Tout comme les femmes, les hommes sortaient eux aussi du ventre d'une mère en gémissant, mais ils se prenaient pourtant à se croire plus grands que des hommes dès qu'ils avaient quelques muscles à fourbir contre plus faible.
C'est pas facile d'être l'homme qu'on voudrait être... on y arrive jamais vraiment.
Pour les femmes, la vie c'étaient des actes et bien peu de mots. On leur avait appris que les mots représentaient la désinvolture de l'esprit s'ils n'étaient rattachés à des gestes concrets, comme égrener un épi de maïs, pétrir une pâte, fendre une bûche par le milieu, construire un feu. Les mots, quand ils sortaient, leur semblaient boursoufles de raison, jamais de légèreté et encore moins de folie.

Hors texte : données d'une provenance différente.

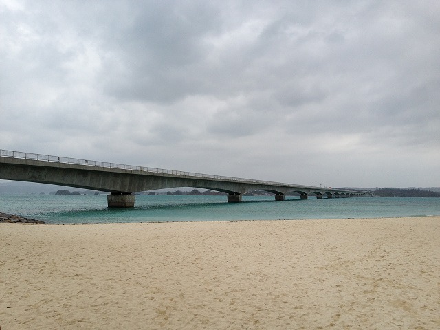 すっかり一週間に一回更新となってしまったので、全然進まない沖縄話のようやく2日目です。http://www.ric.hi-ho.ne.jp/joeshow/KA.Blog/20130301.html良い感じのホテルで良い感じの朝食を取った後は、ホテル周辺を散歩。天気はあいにくで浜辺も風が引き続き強かったですが、清々しい朝を迎えることができました(^^)その日はガイド付きタクシーで、沖縄北部を観光することになっていました。ホテルの玄関まで迎えに来てくれたタクシーに乗り込むと、この高級リゾートホテルとはお別れです。束の間の別世界でした(T△T)運転手の方は50代前半くらいの男性。名前は安藤さん(仮名)。物静かな感じの方で、やや車内の空気は重苦しい感じ。あまりテンション高く話かけられても面倒臭いですし、そういう意味でタクシーとは運転手との距離感がなかなか難しい乗り物です(-。-;)一応、要所要所ではガイドをしっかり入れてくれます。ただ必要最低限のことを二言三言しか言わない感じ。それに我々が「へー」とか「なるほど」とか相槌を打つと、その後はまたしばらく沈黙が続きます(・・;)沈黙に耐えきれなくなった私が「安藤さんはこちらの方ですか?(;^_^A」と尋ねると、ふっと笑って「新潟出身です。沖縄で安藤って言ったら、地元の人には一発で本土の人間だとわかりますよ」とのこと。あくまで私の偏見ですが、本土の人間が沖縄でタクシーの運転手をやっていると聞くと、何か訳ありのような感じがします。高倉健のような世界観に押され、また沈黙が続く車内(・・;)そんなこんなでタクシーに揺られ1時間半。まずは最初の目的地である古宇利大橋に到着しました。本島と古宇利島を結ぶ全長約2kmの長い橋で、無料の一般道では日本一の橋だとのこと。沖縄のオーシャンビューに映える巨大な人工構造物。晴れていたら青い海をモーゼの十戒感覚で気持ちよく進んで行けたのでしょうが、残念ながらその日は曇っていて、ガイドブックの写真などでみる爽快感はやや減(T△T)それでも丁度「純と愛」で時々出ていた宮古島の池間大橋のような、南国気分は十分に感じられました。橋を渡り切った所に公園があり、我々は一旦そこで休憩。その他にも観光客がたくさん訪れており、沖縄に来たら一度は行ってみたいスポットの一つです。この景色をひとしきり堪能すると、我々は一番の目的地である「美ら海水族館」へと向かうのでした。(つづく)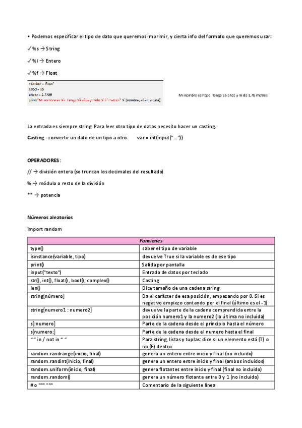 Apuntes python actualizados. Incluyen: variables, operadores, input, números aleatorios y comentarios.
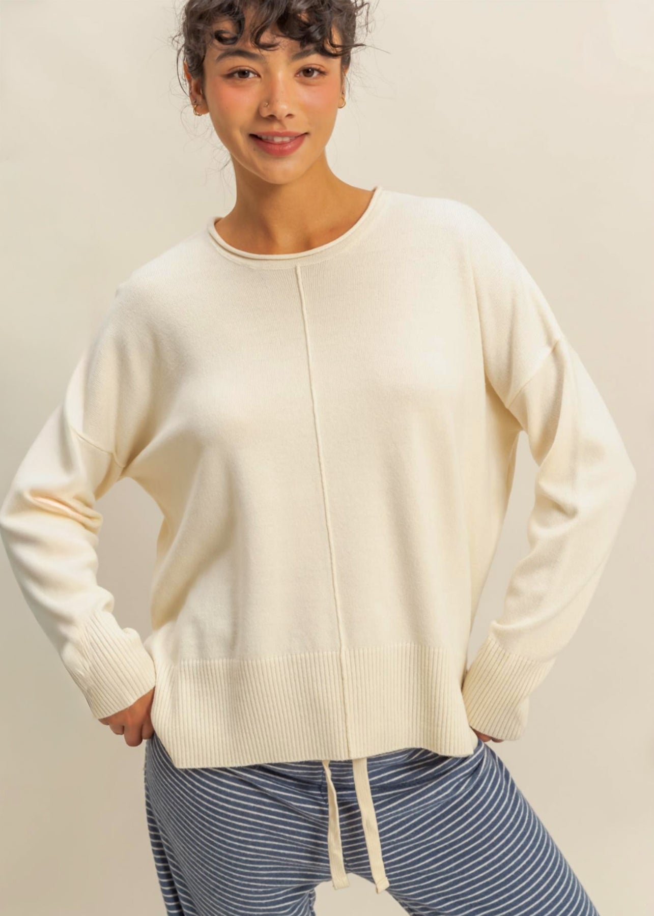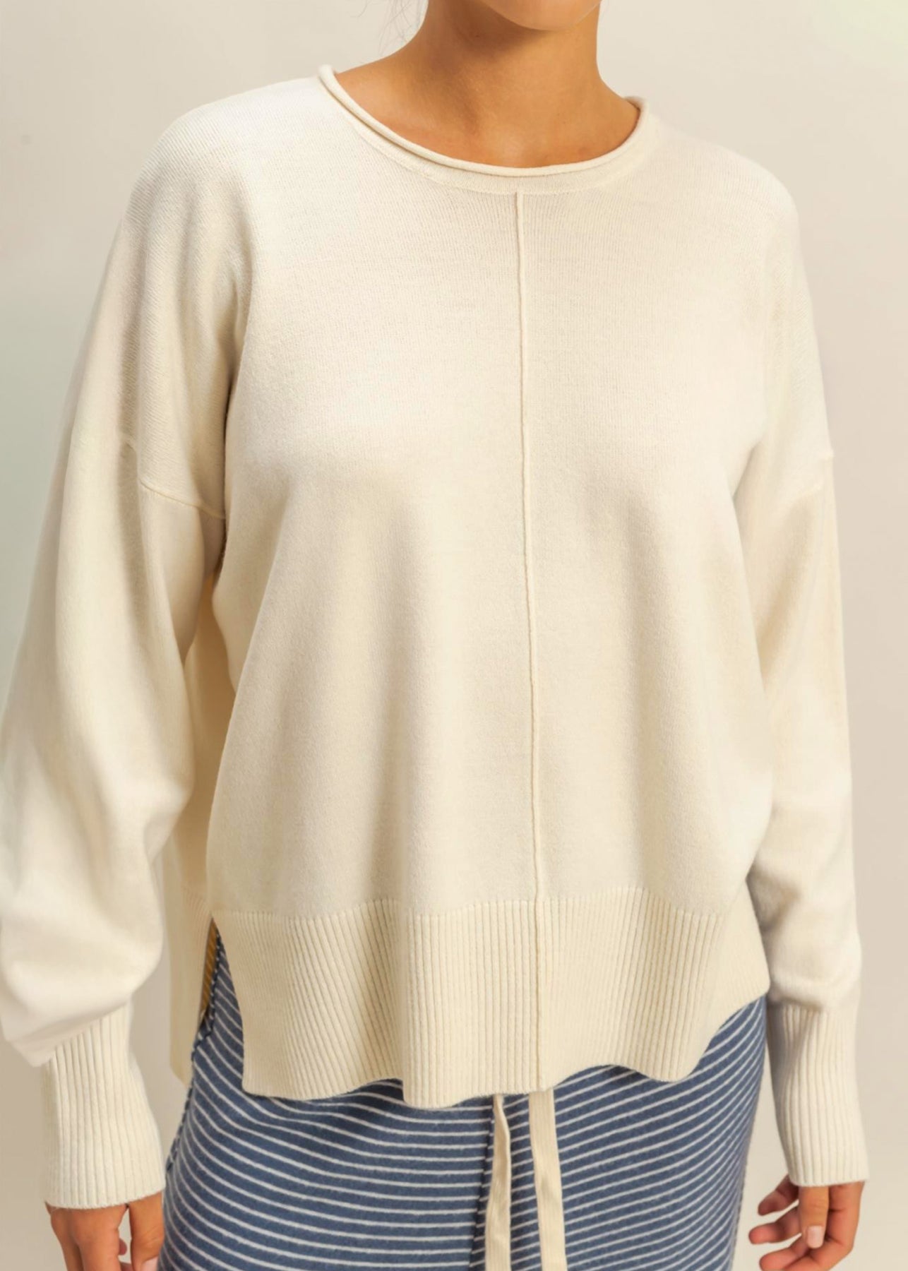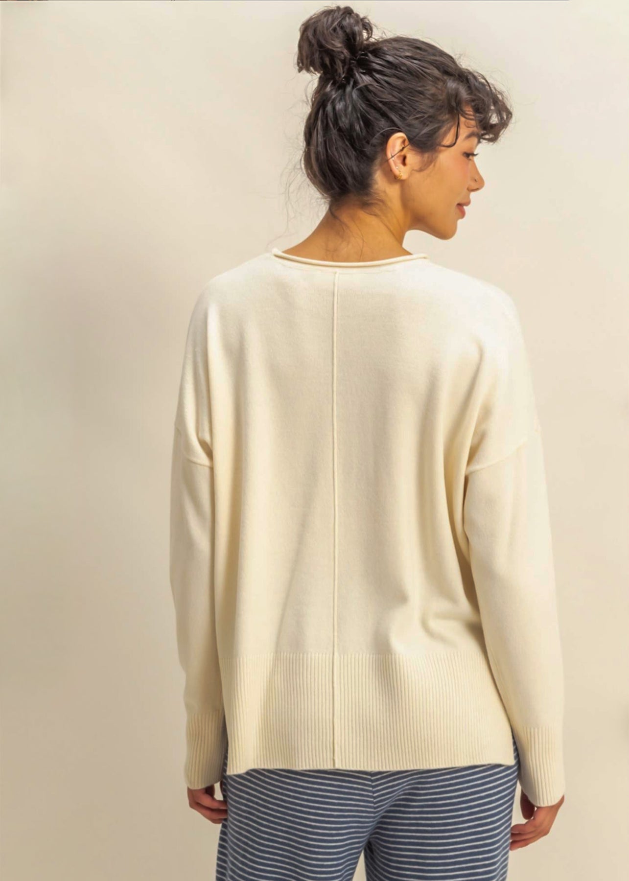 Amélie, Womens Rolled Neck, Long Sleeve Sweater, Sweet Cream

Toutes ces vies simples, aux fonctions si évidentes, donnaient en temps normal la sensation à Joseph d'être l'envers d'un homme, une forme directement reliée à la nature et, maintenant que son père était parti, elles ne lui apparaissaient plus comme telles, et il prenait conscience qu'il allait devoir apprivoiser différemment l'univers amputé de la part tendre de l'enfance. Devenir un homme avant l'âge d'homme.